Medal record

Representing India

Women's para-athletics

Asian Para Games

= Pooja Yadav =

Indian Paralympic athlete (born 1989)

Pooja Yadav (born 1989) is a para athlete from Haryana. She represented India at the 2022 Asian Para Games and won a silver medal in the women's discus throw F54/55 event on 25 October 2023.

== Early life and background ==
Yadav hails from Tauru in Nuh district of Haryana. During childhood, she fell in a well at the age of eight and suffered irreversible spinal injury and has been using wheelchair. She is a single-parent child and her father is a farmer. She is supported by a scholarship from M3M foundation.

== Career ==

=== Domestic ===
She won her first medal in shot put in 2017 at the 17th National Para Athletics at Jaipur. In 2018, in the 18th National Para athletics championship at Panchkula, she won two gold medals in javelin throw and shot put and got a bronze in the discus throw.
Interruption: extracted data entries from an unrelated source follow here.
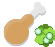
Dinner Prescribed dose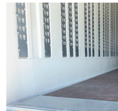
Durable and robust screen-printed floor up to 8,000kg* forklift axle load according to DIN 283. Sealed floor plates prevent moisture from reaching the cargo from below. Recessed wear plate* protects the floor at the rear.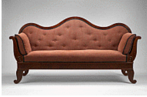
Attributed to the shop of Johann Michael Jahn, American, born Pomerania, 1816–1883 Sofa , c. 1846–60 Empire Sofa , c. 1846–60 Black walnut, black walnut veneer, and unidentified secondary woods 42 1/2 x 81 1/2 x 27 3/8 in. (108 x 207 x 69.5 cm) The Bayou Bend Collection, gift of William J. Hill in memory of Peter C. Marzio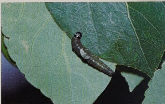
Figure 5. Parasitized tortrix larva.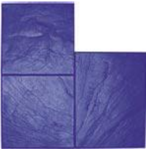
FM 3120 Ashlar Cut Slate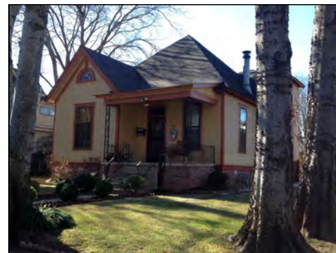
Figure 130. Hanggi House, 1314 Cumberland Street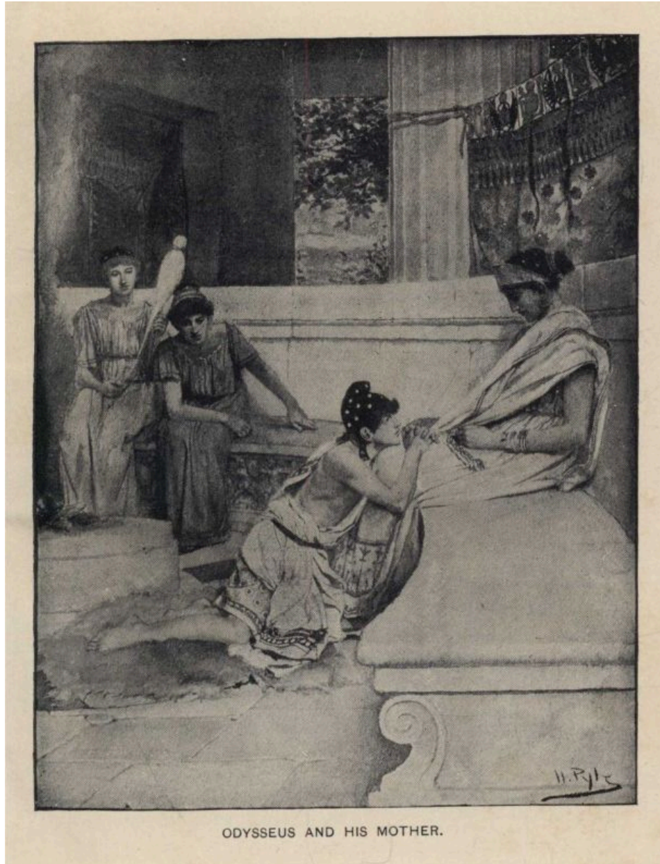
ODYSSEUS AND HIS MOTHER.

In 2021, she won three gold medals winning all the throw events at the Indian Open Para athletics championship in Bengaluru.

=== International ===
In 2019, Yadav made her international debut taking part in the World Para Athletics Grand Prix Championship in Dubai and won a bronze medal in discus throw. In July 2023, she won a bronze medal in javelin at the World Para Athletics Championship in Paris to book a berth for the 2022 Asian Para Games in China.